I think the late Robert L. Moss and his co-authors were the first to link a GnRH fragment consisting of the last 6 amino acids of the decapeptide to neurotransmission and to GnRH receptor-mediated behaviors that also link nutrient-dependent pheromone-controlled RNA-mediated amino acid substitutions to behavior in all vertebrates via substitution of achiral glycine in the GnRH (aka LHRH) decapeptide. See: Differential effects of a luteinizing-hormone-releasing hormone (LHRH) antagonist analogue on lordosis behavior induced by LHRH and the LHRH fragment Ac-LHRH5-10. Cited in Human pheromones: integrating neuroendocrinology and ethology
… Moss and Dudley  suggest that a fraction of the GnRH molecule functions directly as a neurotransmitter in rats to elicit a behavioral effect(i.e., lordosis). This behavioral effect is characteristicof a “signal” pheromone, which activates a response.

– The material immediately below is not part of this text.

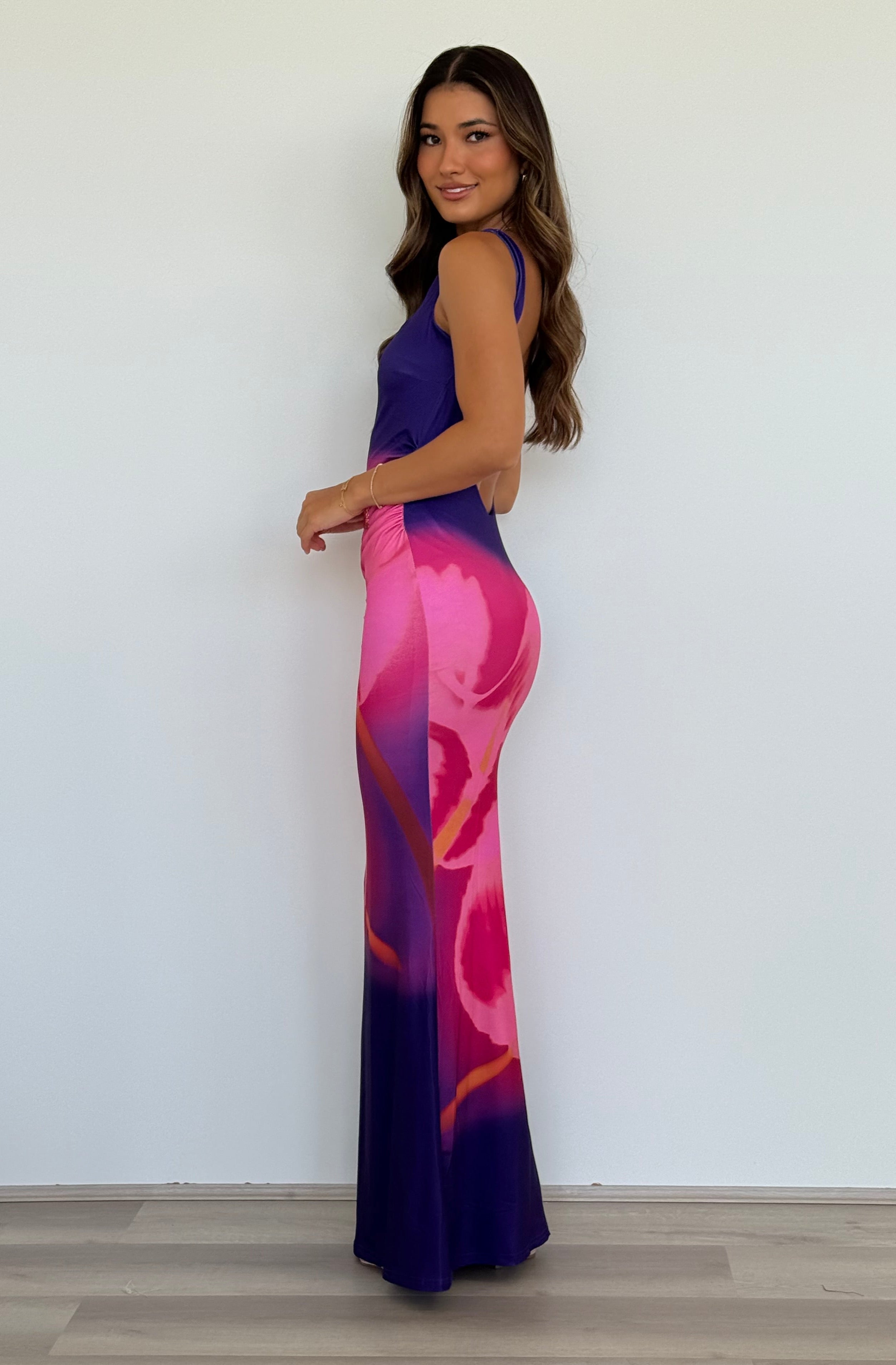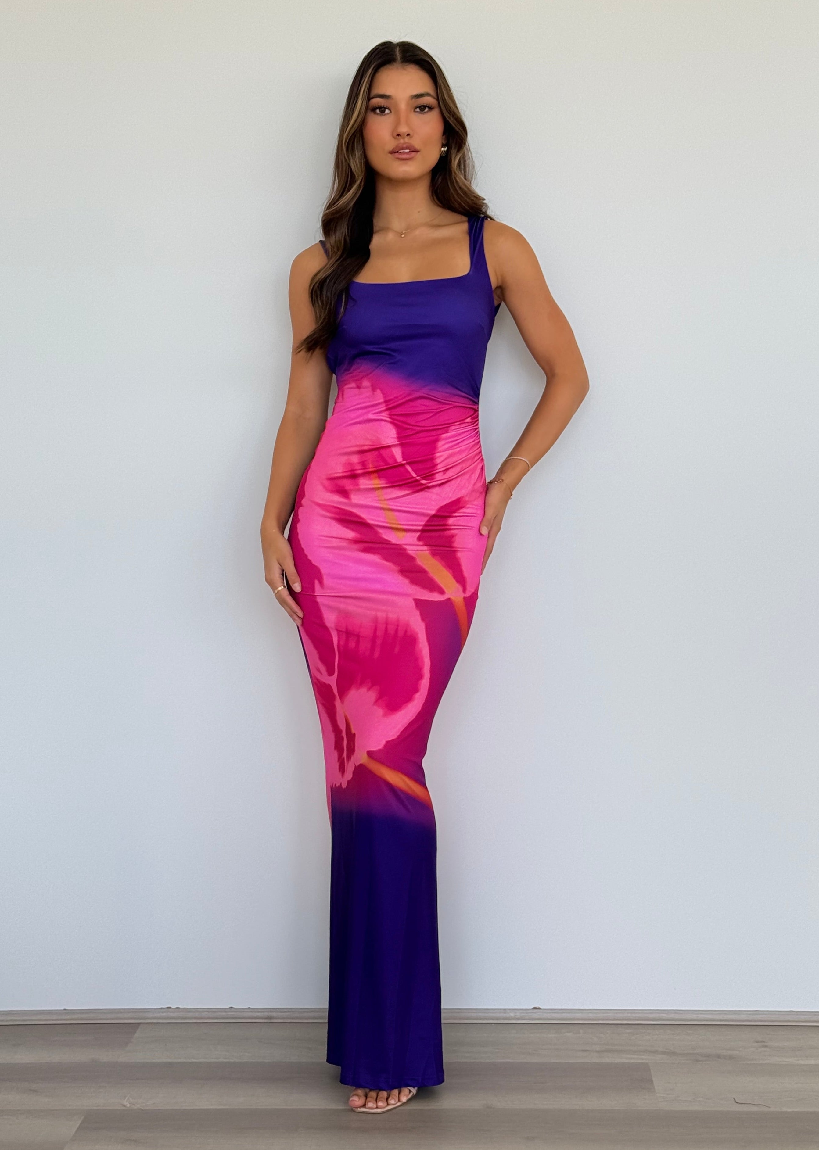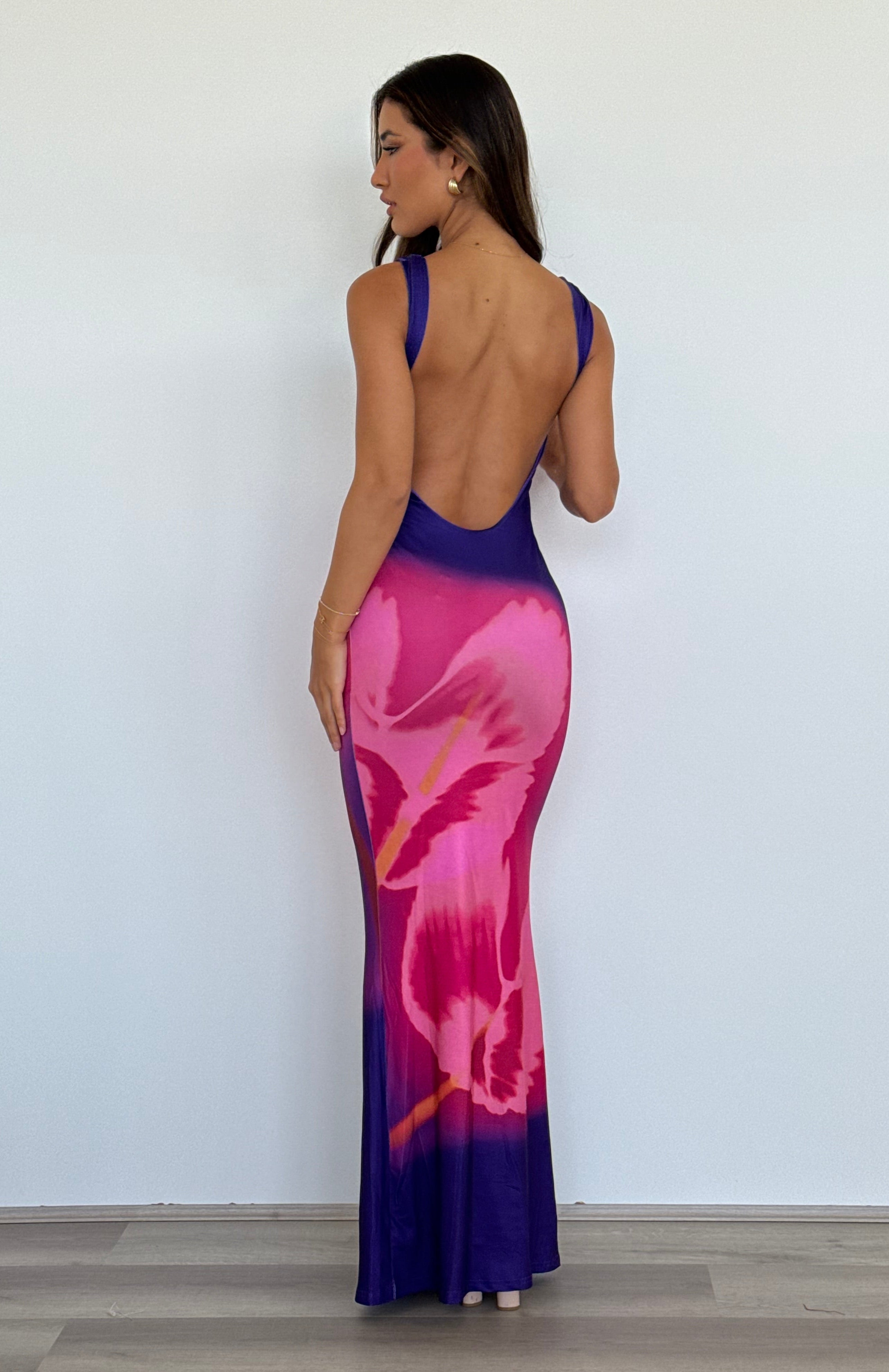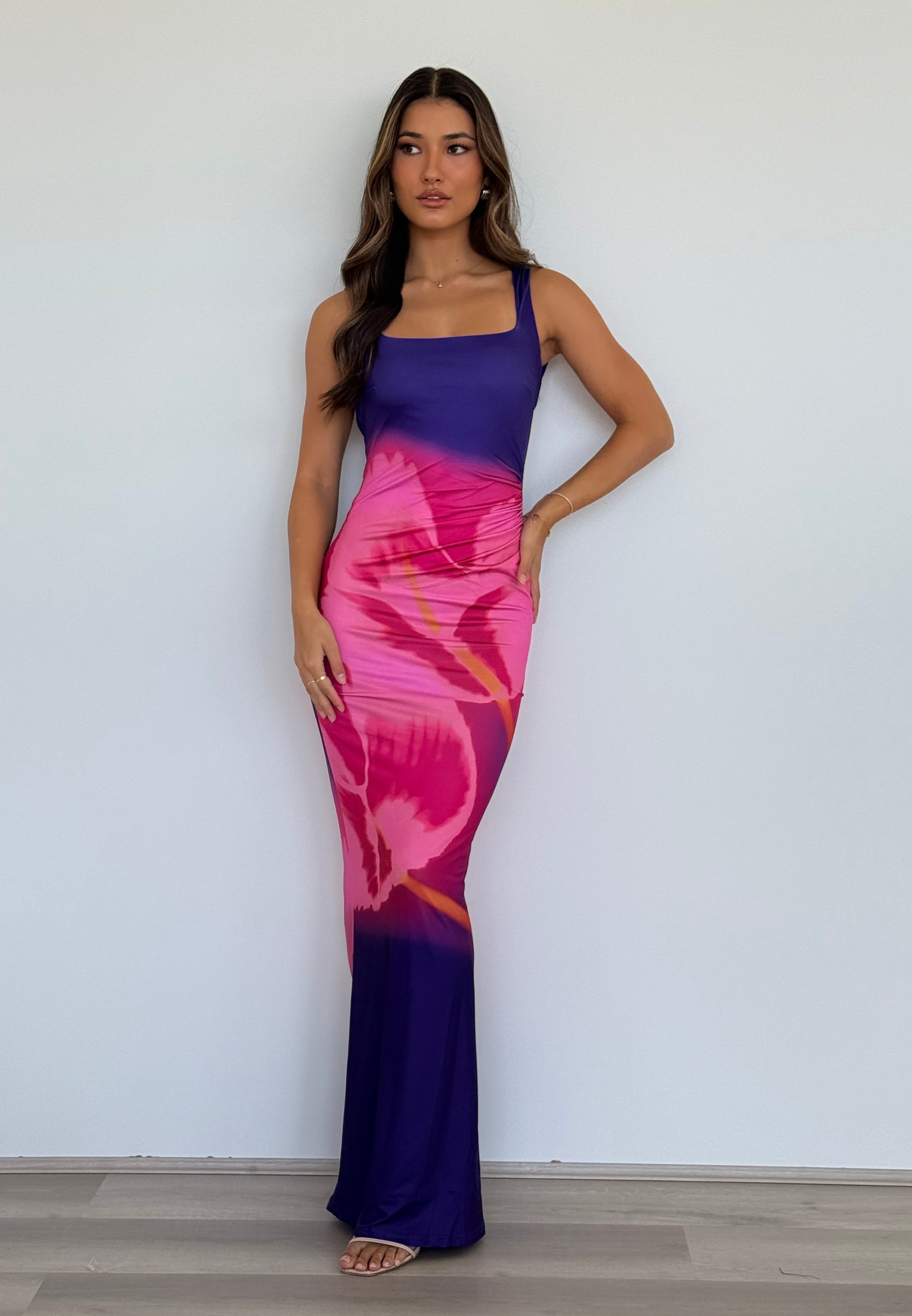 Hugging the body in a bold print with feminine hues, our Makiko Maxi Dress is the perfect balance of sexy and elegant.

After many discussions about how the role of pheromones and GnRH were linked across species, Robert L. Moss encouraged me to write the book that was co-authored by the late Robert T. Francoeur: The Scent of Eros: Mysteries of Odor in Human Sexuality The role that human pheromones play in human sexuality has consistently been denied by many colleagues who refuse to acknowledge the difference between theories about mutations and evolution compared to facts about amino acid substitutions. The facts link ecological variation to ecological adaptations via changes in the microRNA/messenger RNA balance that link atoms to ecosystems in all genera via what is currently known about physics, chemistry, microRNAs (aka pre-mRNAs) and molecular epigenetics.
For example, the co-author of Feedback loops link odor and pheromone signaling with reproduction also co-authored Estrogen Permits Vasopressin Signaling in Preoptic Kisspeptin Neurons in the Female Mouse.
The article published last week attests to facts about amino acid-mediated regulation of GnRH neuron excitability that link vertebrate GnRH to Estrogen receptor α polymorphism in a species with alternative behavioral phenotypes. The differences in morphological and behavioral phenotypes is clearly nutrient-dependent and pheromone-controlled, and the differences arise in the context of a difference in parental feeding.
Colleagues who have failed to link nutrient uptake from GnRH to estrogen and other hormones that affect behavior will probably continue to ignore the latest information that supports what we detailed in our 1996 Hormones and Behavior review — if only because they have failed to learn anything about cell type differentiation during the past two decades. They knew nothing about RNA-mediated sex differences in cell types in 1996 and still know nothing about RNA-mediated amino acid substitutions and cell type differentiation in 2015.